Saturday, October 2021

Par Frédéric Feruzi
Depuis ces dernières années, le cadre de concertation de la société civile est sorti dans la presse pour tenter d’attirer l’attention des autorités sur le niveau de délabrement très avancé des routes du territoire de Kalehe. Mais elle semble n’avoir pas été écoutée.

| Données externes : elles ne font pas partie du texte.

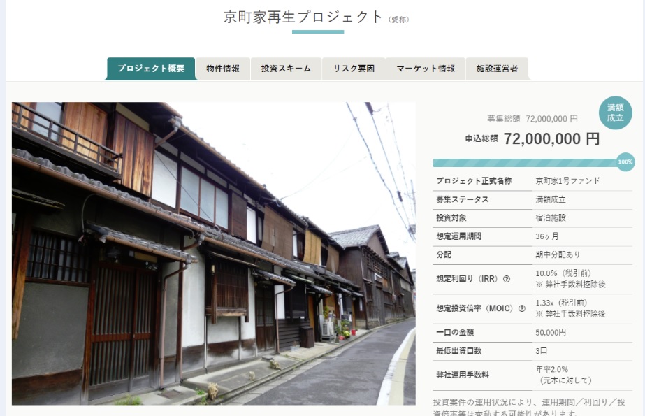その建物に目をつけたのが町家を一棟丸ごと宿泊施設として貸し出すやり方で事業を行っている株式会社トマルバ。物件取得及び改修費用をクラウドファンディングで集めて改修。同社が運営を行い、約3年後にはファンド事業者であるクラウドリアルティから別のオーナーへと宿泊施設の持ち主が変わる、つまり、ファンド事業者としては宿泊施設を売却するという計画で出資を募った。
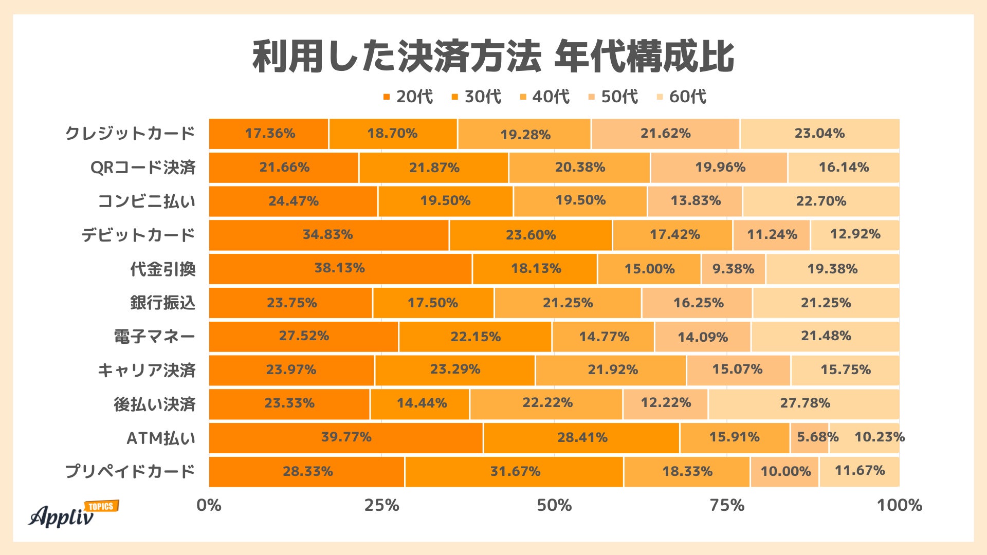 特徴的なのは「デビットカード」「代金引換」「ATM払い」「プリペイドカード」。20〜30代の割合が大きくなっています。
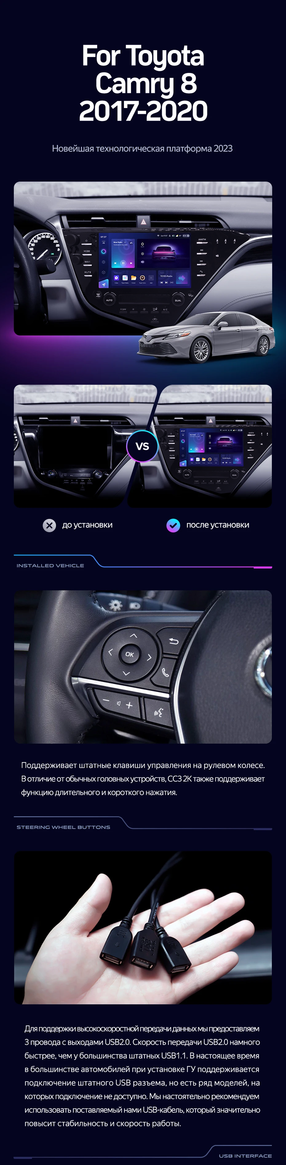 Штатная магнитола Teyes CC3 2K 4/32 Toyota Camry 8 XV 70 (2017-2020) F2 - купить всего за 60 300 руб. в интернет-магазине в Уфе Teyes.com.ru. ✓ Самый лучший выбор мультимедиа ✓ Лучшая замена штатному ГУ ✓ Тел. +7 (800) 775-31-74
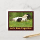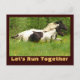 Illustration photo de deux chevaux Pinto noirs et blancs qui courent au galop avec le flirtant dicton "Couchons ensemble" dans un texte à grains de bois.
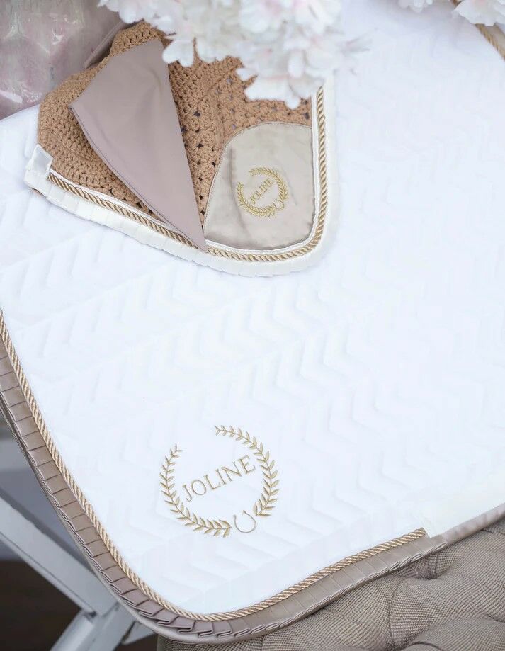 Het zadeldekje wit van Joline is de perfecte keuze voor ruiters die luxe en functionaliteit willen combineren. Dit hoogwaardige velvet zadeldekje straalt elegantie uit dankzij de zachte stof en de verfijnde beige ruches langs de rand. Het exclusieve gouden Joline-logo voegt een vleugje klasse toe, waardoor jouw paard of pony altijd in stijl voor de dag komt.
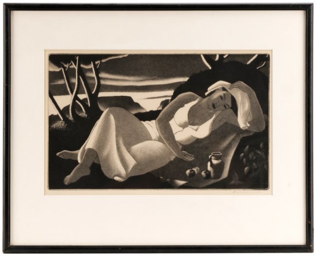 Doel Reed (American, 1895-1985), "Rest"-1941, etching and aquatint on wove paper, pencil signed lower right margin, published by Associated American Artists (AAA), New York in an edition of 100, verso with information from AAA on work. Framed approximately 16.75" x 20.75". Unframed approximately 9.75" x 15.25". Provenance: From the Private Collection of Benno & Babette Rothschild, Columbus, Georgia. Reference: Cohen & Rogers, 43.
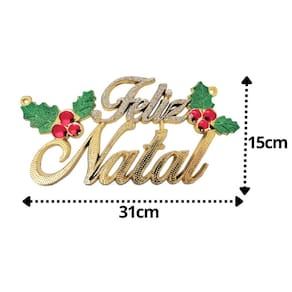 Placa Natalina - Feliz Natal Glitter Dourado 31cm x 15cm
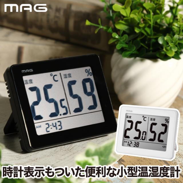 【商品タイトル】:MAGスカイデジタル温湿度計 | 小型・コンパクトサイズ | 温度・湿度・時計一体型 | 視認性良好デジタル表示 | 電池交換お知らせ機能付 | 置き時計・掛け時計兼用 | 在宅勤務・新生活・感染症対策に最適 | ブラック・ホワイト | 体調管理・環境整備に
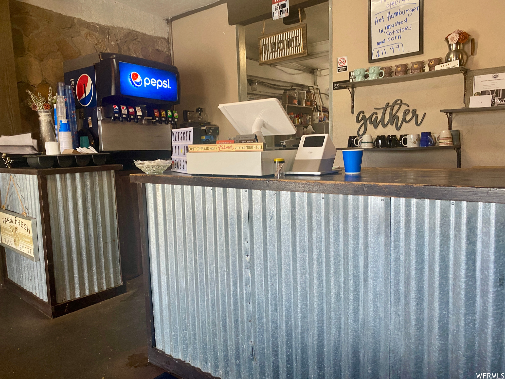 Restaurant in Jensen. Has booths, tables, outdoor dining patio,freezer, refrigerator. Public restrooms. A popular place for dining!
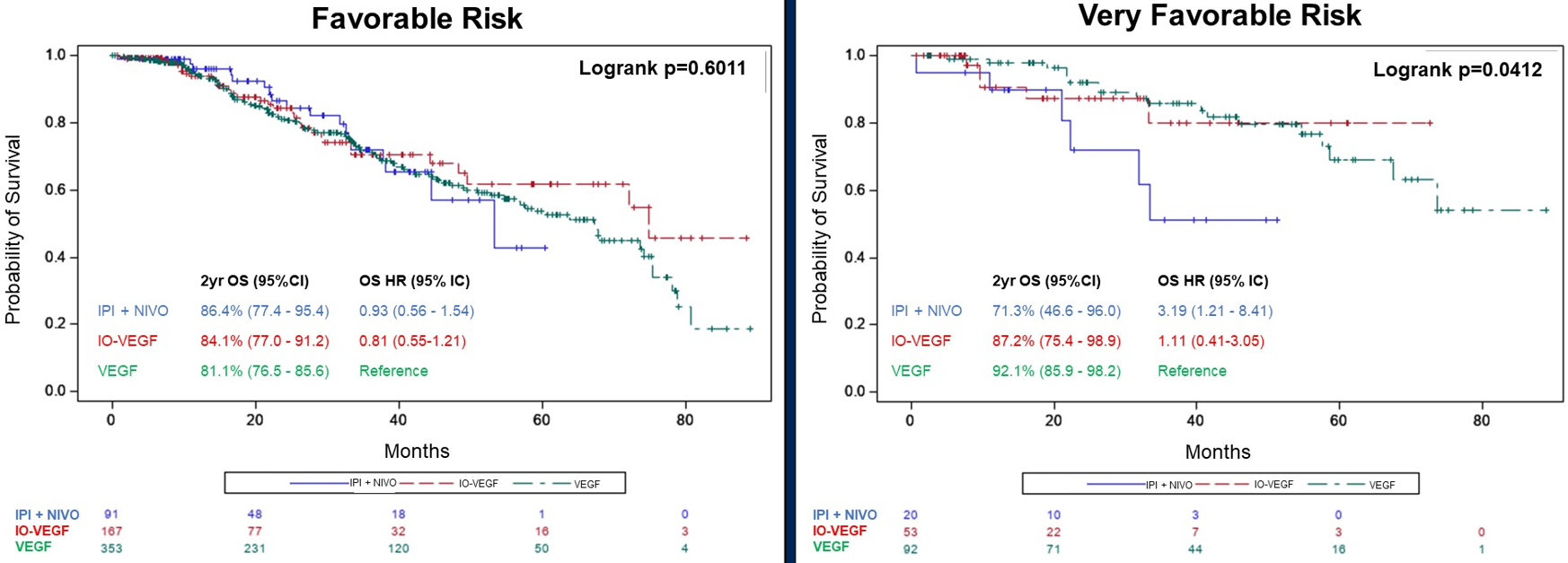 2024 ASCO年会公布了一项IMDC真实世界研究[5],该研究从传统意义的低危患者中筛选出极低危患者,其标准定位为从初诊至接受全身治疗的时间≥3年、无脑肝或骨转移、卡氏评分90或100的患者。数据分析显示,IMDC极低危人群接受双免疫、靶向联合免疫以及单独靶向治疗的ORR分别为23.5%、58.1%和55%,2年OS率分别为71.3%、87.2%和92.1%;而低危患者的ORR分别为35%、51.4%和37.9%,2年OS率分别为86.4%、84.1%和81.1%。这表明极低危患者仍然能从单独抗血管靶向药物治疗中获益,而非极低危患者似乎从联合免疫治疗中更能获益。该结果仍然需要进一步的前瞻性试验和更长时间的随访来验证,但对于生物学行为较差的患者,即使是低危患者,仍然可以考虑积极的免疫联合治疗。
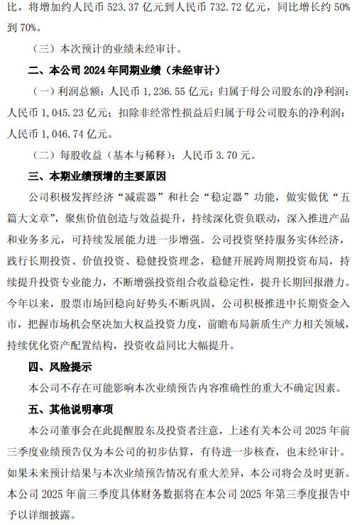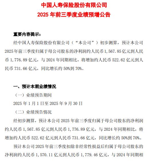 中国人寿(601628)10月19日发布业绩预告,预计2025年前三季度归属于母公司股东的净利润约1567.85亿元到1776.89亿元,同比增长约50%到70%。报告期内,股票市场回稳向好势头不断巩固,公司积极推进中长期资金入市,把握市场机会坚决加大权益投资力度,前瞻布局新质生产力相关领域,持续优化资产配置结构,投资收益同比大幅提升。

La dernière sortie médiatique est intervenue ce mardi 2 février. Le cadre de concertation de la société civile de Kalehe a dénoncé, pour la deuxième fois en deux semaines, la détérioration des routes qui a des implications dans la situation sécuritaire jusqu’ici préoccupante dans le territoire de Kalehe, au Sud-Kivu.
 
Le cadre de concertation de la société civile de Kalehe explique que lorsque les routes sont en mauvais état, les forces de sécurité ont du mal à intervenir en cas d’alerte sécuritaire. Cela laisse régner des miliciens en maitre dans plusieurs villages du territoire de Kalehe.
 
Les axes qui sont particulièrement en mauvais état
 
L’axe Sake-territoire de Kabare qui traverse le territoire de Kalehe a connu plusieurs détériorations lors de récentes pluies. Sur le tronçon Minova-Kasheke, la situation été aggravée par la destruction d’un pont lors d’une forte pluie. D’autres endroits par lesquels passent des voyageurs comme Rambira, chez les français, Makengere et Makengele exposent à des risques énormes en raison de leur impraticabilité, explique Delphin Birimbi.
 
Le président du cadre de concertation de la société civile du territoire de Kalehe évoque aussi le cas de la route nationale numéro 3, au niveau de l’axe Miti-Hombo-sud. Là-bas, tout comme à Bitale, Fumya, Mihobwe, dans le parc national de Kahuzi Biega, la route laisse à désirer. C’est aussi le cas du pont de Bulambika-centre, de la chaussée de Kambale et Kambegeti.
 
Le cadre de concertation de la société civile de Kalehe appelle le gouvernement à réhabiliter les routes du territoire de Kalehe qui va avoir un impact sur l’insécurité généralisée. A en croire Delphin Birimbi, des routes réhabilitées vont aussi permettre la maximisation des recettes publiques et limiter les accidents sur le lac-Kivu que plusieurs voyageurs préfèrent désormais emprunter en pirogue face à l’impraticabilité des routes. Depuis, leurs naufrages sont régulièrement rapportés.